Tracks of her tears 

When great theater turns good

It takes guts to tackle A Streetcar Named Desire, a play as violent and harrowing as any on the landscape of American theater. Tennessee Williams abandoned one century and invented another with Blanche DuBois and Stanley Kowalski, tampered with marriage and gave dignity to the ever-present ghosts of longing and envy, of lust and loss. He did battle with all the myths of the South and still left some of them intact. Streetcar is a pure, dazzling, brilliant play and undeniably American in its fictions and cruelties.

Montana Rep, the house repertory company of the University of Montana, follows its Miracle Worker with another Big Play, this one directed by Greg Johnson, who also directed the Rep’s Death of a Salesman recently. The company has stated its mission to bring classics to the masses, and it’s doing a fine job: The works on view do not necessarily advance theater, but they are good theater nonetheless.

Good theater done well is a relief, and good theater done very well is a privilege. But what about great theater produced with only superficial resonance? This Streetcar is all dressed up and technically assured, but its principal actors falter. They concentrate on their characters’ big moves but rarely on their subtleties, and never their sympathies. If we feel no sympathy for Blanche DuBois, then we feel nothing for A Streetcar Named Desire.

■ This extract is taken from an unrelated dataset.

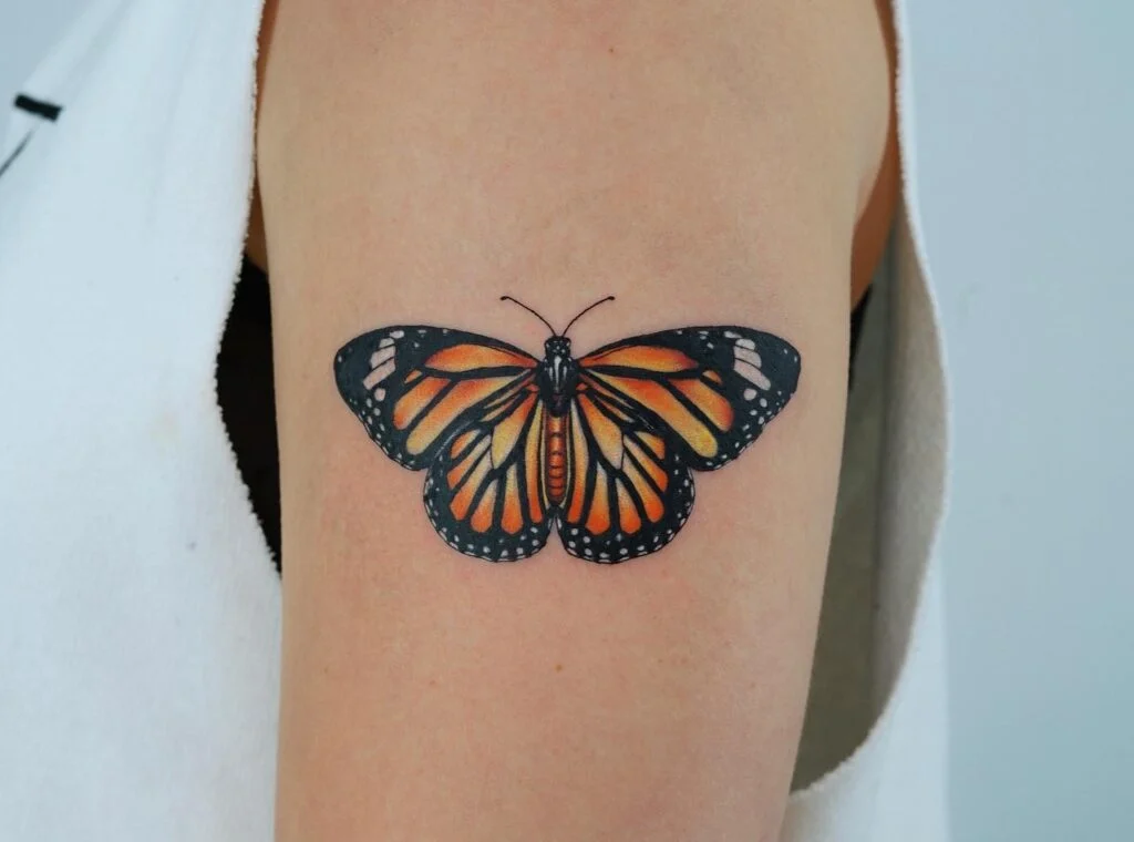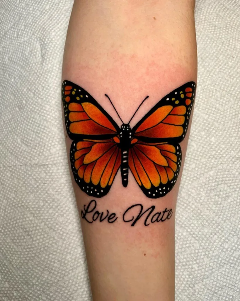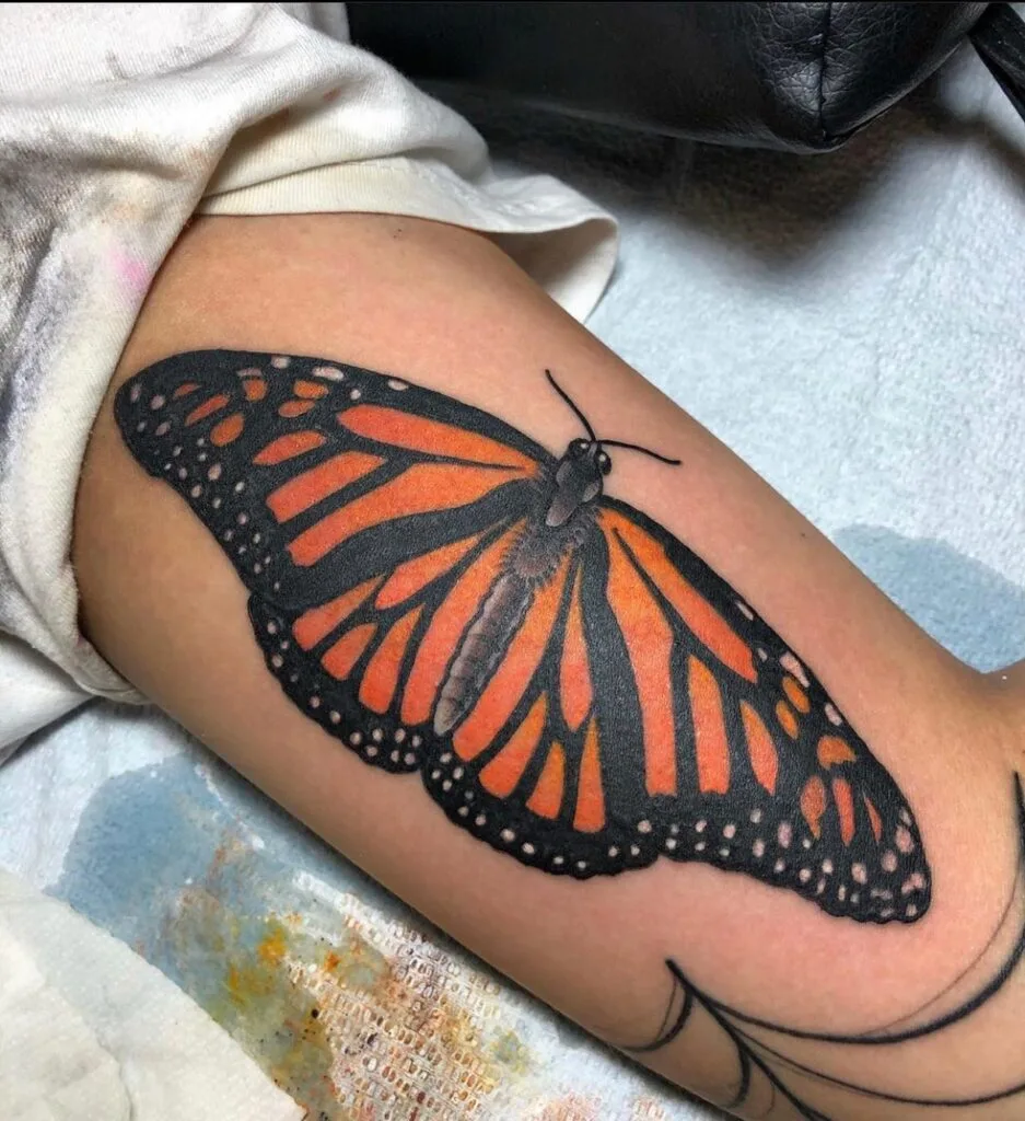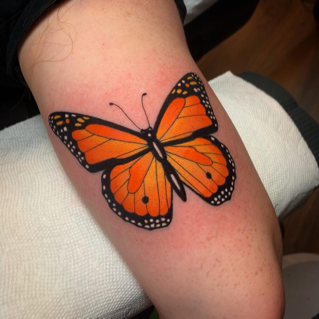 This tattoo features a striking monarch butterfly design with bold, vivid orange wings outlined in deep black.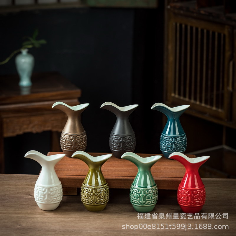 仿古青瓷觚杯白酒烈酒酒杯高脚杯大容量二两创意酒樽摆件装饰批发

Midway through its national tour, the company has come home to show the play for several performances. The production emphasizes decay with its gloomy grays, stained fabrics and hole-punctured curtains. Every wall and division in Bill Raoul’s strangely delicate set is diaphanous, an element echoed in Blanche’s clothes, for which designer Christine M. Milodragovich has employed gauze and chiffon. When Blanche writes out a telegram, she does so on a Kleenex, another fabric just a sneeze away from coming undone. Blanche is as frail and see-through as the last moments of a dandelion, and this production honors that state throughout its design.

Amy Laxineta as Blanche blows into her sister’s home with vanity and coyness and keeps things at that level for the rest of the play. Her shrillness—in contrast to her grounded sister Stella (April Sweeney), and to the aggravation of Stanley (Matthew Brumlow)—never lets up, and her inability to reveal Blanche’s heart leaves her audience flat. Blanche’s great reverie of lost youth and sexual betrayal at the hands of her young, suicidal, homosexual husband seems like little more than another card she’s using to trump Mitch. Failing to believe deeply in the character herself, Laxineta never allows herself to be swallowed by Blanche.

Brumlow, too, capably manages one layer of Stanley but nothing more. He’s a cocky little boy, active and inattentive, bounding around the room, leaping upon the furniture. Masculinity, of course, is crucial to Stanley’s bestial, rutting energy, and we keep waiting for Brumlow to grow into a man rather than playing at a man. Where is the power so irresistible to Stella, the stench of sex and sweat that makes him carnal and dangerous?

In that remarkable role of Mitch, Bret Tuomi has some nice moments and provides sympathy and patience, as well as pathos, when the audience is looking for some. He moves gracefully between bashful suitor and humbled lover, and the scene of peacock’s boasting when he forces Blanche to hit his stomach is wonderfully uncomfortable, a glimpse of the man he has never allowed himself to be but yearns to embody. When he turns on her out of his own pain, his cruelty illuminates, for just a moment, what is worth protecting in her, and rouses the audience to momentarily care for Blanche’s pathetic, vanquished soul.

Sweeney’s performance as Stella is an athletic one, her body always moving to reflect the growing life inside her. At the periphery, the supporting players brawl cartoonishly and scream and howl. Johnson has meanwhile eliminated the tensions of race—which underwrote so many of the South’s (and the nation’s) tragedies, and which certainly have meaning for the DuBois sisters, descendants of plantation owners—by changing the single black character to white.

Is Stanley Kowalski where we were headed in 1947, the year Elia Kazan directed this play on Broadway? The brutish force of war and the plain arrogance of the win, the cheery industrial toughness, the vulgar material pleasure—these were national characteristics! After 60 years, we find ourselves right back in the same spot as we hear Blanche urge her sister, “Don’t hang back with the brute!”